Upon returning to the Midwest, he became director of Oak Park’s then-new Community Relations Department during the village’s efforts to manage racial integration (1972-1977). He was vice president of public affairs at Harris Trust and Savings Bank of Chicago (1977-1988), and then circled back to McCormick Seminary as vice president for finance and operations (1988-1996). He retired in 1996. 

At his high school reunion in 1965, the principal pulled him aside and told him the Chicago Police Department’s notorious Red Squad had contacted him. They were building a file. But Ronnow’s goal was only that all people be treated with dignity and given equal opportunity to thrive. Radical for the time? Perhaps, but nonviolent to the core. 
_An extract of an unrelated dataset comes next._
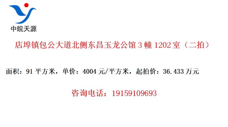 店埠镇包公大道北侧东昌玉龙公馆3幢1202室(二拍)

Amid racial tension in Oak Park, he worked with grassroots groups to overturn racist, inequitable, and eventually illegal real estate, bank-lending and employment practices. Bigotry and prejudice periodically followed him home, prompting a need for police protection. Oak Park’s leaders had his back.  
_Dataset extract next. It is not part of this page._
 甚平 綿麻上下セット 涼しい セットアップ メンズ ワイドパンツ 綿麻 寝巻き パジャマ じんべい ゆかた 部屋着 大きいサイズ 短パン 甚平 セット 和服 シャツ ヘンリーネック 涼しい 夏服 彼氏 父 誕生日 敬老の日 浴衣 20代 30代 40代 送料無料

“Singularly important to the implementation of fair housing in Oak Park, and the creation of the largest volunteer legal aid organization in the United States, my association with Kris was far and away the most important factor in my entire legal career,” said attorney Bob Downs. “If the village of Oak Park, and associated religious and community organizations could propose a saint, it would be Kris Ronnow.” 

Community Relations “acquired the reputation as one of the most capable and progressive departments in the country,” one local newspaper reported, and Oak Park remains a model for communities undergoing racial change. His work in Oak Park was, Jones said, “a most creative and long-lasting ministry.” 
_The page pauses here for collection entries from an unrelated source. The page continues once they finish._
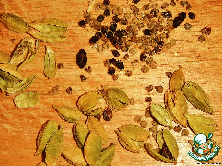 Мне повезло достать целые плоды кардамона на базаре специй. При помощи молоточка достаём из них семена. Если кардамон уже в семенах или молотый, то этот шаг можно пропустить.
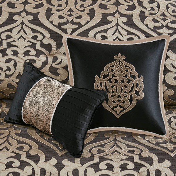 Madison Park Odette 8 Piece Jacquard Comforter Set in Black, King MP10-8726
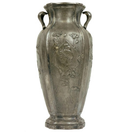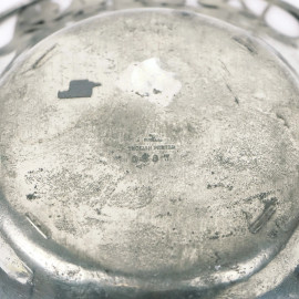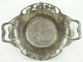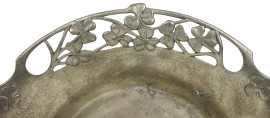 Lotto di tre oggetti in peltro, composto da un vasetto, una salsiera ed un centrotavola liberty, alt. max cm 18,5, (segni del tempo).

According to Dan Lauber, Oak Park senior planner, 1977-1979, “As director of the village’s Community Relations Department, he played a pivotal role in crafting and implementing Oak Park’s 1973 genuinely comprehensive and pioneering “Fourteen Points,” which formed the basis for the village’s efforts to prevent resegregation and achieve nascent integration. I doubt if Oak Park could have achieved all it has without Kris Ronnow’s leadership and innovations. Current village leadership would do well to heed his guidance.”   

At Harris, he designed and managed the bank’s new foundation; counseled senior management on community engagement and reinvestment; and demonstrated the importance of engaging and rewarding employees, becoming a sort of corporate conscience at the bank. In the late 1980s, as battles to end apartheid in South Africa escalated, he walked into then-bank president Stanley Harris’ office and declared that the bank must stop buying and selling Krugerrand. Harris agreed. 

Ronnow served on numerous nonprofit organization boards, including the National Conference for Community and Justice, the Center for Neighborhood Technology, and the Center for Ethics and Corporate Responsibility. He was a teaching elder in the Chicago Presbytery and helped small, struggling urban congregations rebuild. As an active Macalester alumni, he and his wife, Connie, endowed a scholarship program for first-generation college students from the Twin Cities.  

A voracious reader and a lifelong learner, he and his wife traveled the world, seeking new perspectives and a deeper grasp of complex issues. After an eye-opening trip to the Middle East in the 1990s, they joined Chicago-area efforts to help Palestinians re-secure a piece of their homeland. They were “a unique couple, always on the cutting edge of issues,” Jones said.  

In the 1970s, they bought a cabin in Green Lake, Wisconsin. An amateur sailor, he bought a boat and christened it “Attitude Adjustment.”  

“Sailing gave me time to reflect, reject worn-out negative thoughts, recalibrate, reposition and be renewed,” he said. He also loved folk songs and hymns, organ music, brass bands and symphonies, and the sound of many diverse voices singing in unison — loudly. 

Ronnow was diagnosed with Parkinson’s in 2007. Five years later, he and Connie moved to Westminster Place in Evanston, a Presbyterian Home with the continuum of care they knew they’d eventually need. Soon he was organizing there, too, advocating for residents seeking transparency from the administration as chairman of the Residents Council.